Note: We should be able to use the reporting_frequency_code column for the identification of annually reported data. This currently does not work because we assumed this was a plant-level annual attribute (and is thus stored in the plants_eia860 table). See Issue #1933.

Parameters:
  • df – a pandas dataframe, either loaded from pudl_out.gen_original_eia923() or pudl_out.bf_eia923()

  • key_columns – a list of the primary key column names, either ["plant_id_eia","boiler_id","energy_source_code"] or ["plant_id_eia","generator_id"]

  • data_column_name – the name of the data column to allocate, either “net_generation_mwh” or “fuel_consumed_mmbtu” depending on the df specified

  • freq – frequency of input df. Must be either AS or MS.

Returns:

df with the annually reported values allocated to each month

pudl.analysis.allocate_net_gen.manually_fix_energy_source_codes(gf: pandas.DataFrame) pandas.DataFrame[source]#

Patch: reassigns fuel codes in the gf table that don’t match the fuel code in the gens table.

pudl.analysis.allocate_net_gen.adjust_energy_source_codes(gens: pandas.DataFrame, gf: pandas.DataFrame, bf_by_gens: pandas.DataFrame) pandas.DataFrame[source]#

Adjusts MSW codes.

Adjust the MSW codes in gens to match those used in gf and bf.

In recent years, EIA-923 started splitting out the MSW (municipal_solid_waste) into its consitituent components MSB (municipal_solid_waste_biogenic) and MSN (municipal_solid_nonbiogenic).
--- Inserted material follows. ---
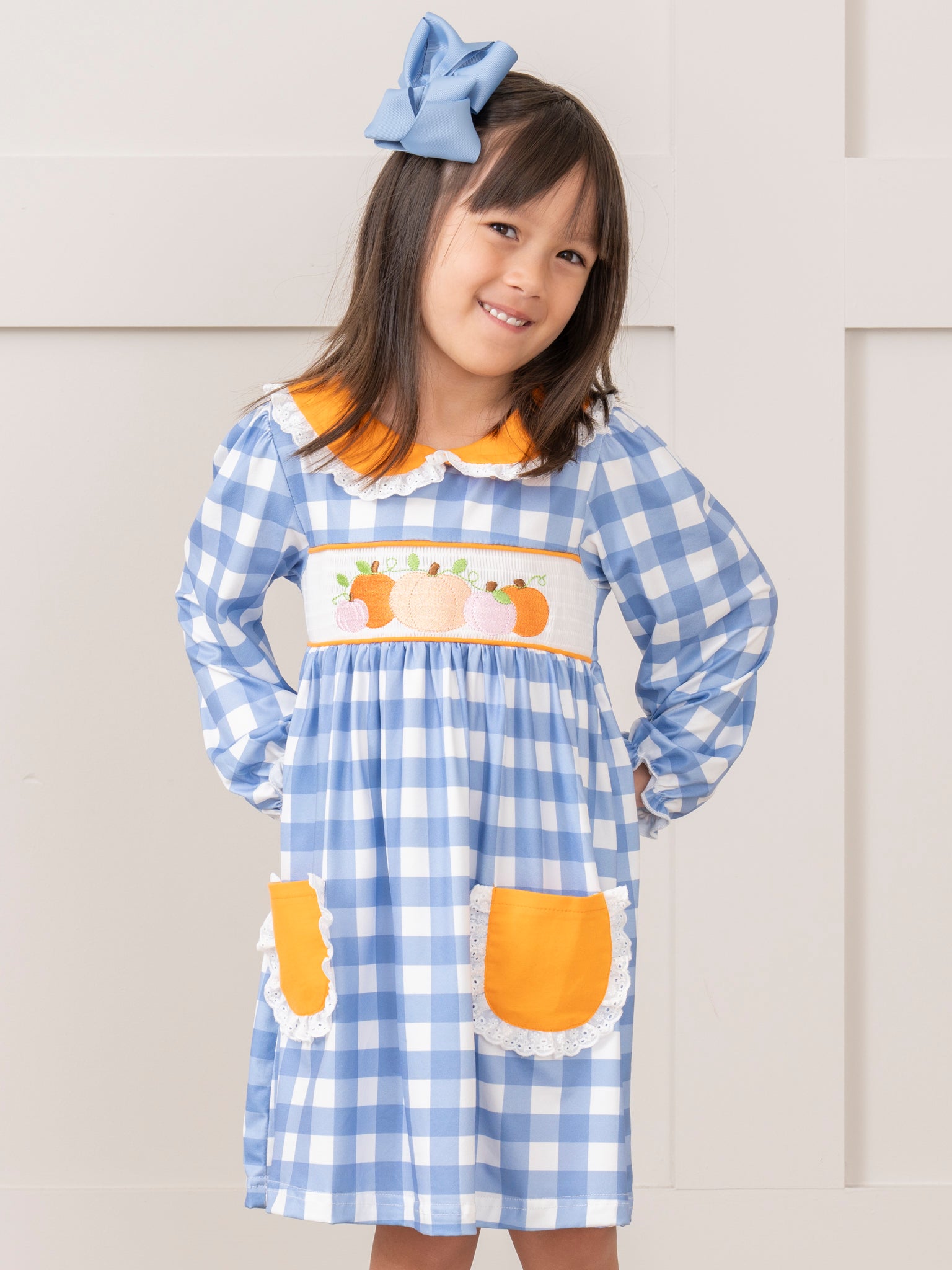 Blue Plaid & Pumpkin Smocked Dress

However, the EIA-860 Generators table still only uses the MSW code.

This function identifies which MSW codes are used in the gf and bf tables and creates records to match these.

pudl.analysis.allocate_net_gen.allocate_bf_data_to_gens(bf: pandas.DataFrame, gens: pandas.DataFrame, bga: pandas.DataFrame) pandas.DataFrame[source]#

Allocates boiler fuel data to the generator level.

Distributes boiler-level data from boiler_fuel_eia923 to the generator level based on the boiler-generator association table and the nameplate capacity of the connected generators.

Because fuel consumption in the boiler_fuel_eia923 table is reported per boiler_id, we must first map this data to generators using the boiler_generator_assn_eia860 table. For boilers that have a 1:m or m:m relationship with generators, we allocate the reported fuel to each associated generator based on the nameplate capacity of each generator. So if boiler “1” was associated with generator A (25 MW) and generator B (75 MW), 25% of the fuel consumption would be allocated to generator A and 75% would be allocated to generator B.

pudl.analysis.allocate_net_gen.warn_if_missing_pms(gens)[source]#

Log warning if there are too many null prime_mover_code s.

Warn if prime mover codes in gens do not match the codes in the gf table this is something that should probably be fixed in the input data see https://github.com/catalyst-cooperative/pudl/issues/1585 set a threshold and ignore 2001 bc most errors are 2001 errors.

pudl.analysis.allocate_net_gen._test_frac(gen_pm_fuel)[source]#

Check if each of the IDX_PM_ESC groups frac’s add up to 1.

pudl.analysis.allocate_net_gen._test_gen_pm_fuel_output(gen_pm_fuel, gf, gen)[source]#
pudl.analysis.allocate_net_gen.test_gen_fuel_allocation(gen, net_gen_alloc, ratio=0.05)[source]#

Does the allocated MWh differ from the granular generation_eia923?

Parameters:
  • gen – the generation_eia923 table.

  • net_gen_alloc – the allocated net generation at the IDX_PM_ESC level

  • ratio – the tolerance

pudl.analysis.allocate_net_gen.test_original_gf_vs_the_allocated_by_gens_gf(gf: pandas.DataFrame, gf_allocated: pandas.DataFrame, data_columns: list[str] = DATA_COLUMNS, by: list[str] = ['year', 'plant_id_eia']) pandas.DataFrame[source]#

Test whether the allocated data and original data sum up to similar values.

Raises:
  • AssertionError – If the number of plant/years that are off by more than 5% is not within acceptable level of tolerance.

  • AssertionError – If the difference between the allocated and original data for any plant/year is off by more than x10 or x-5.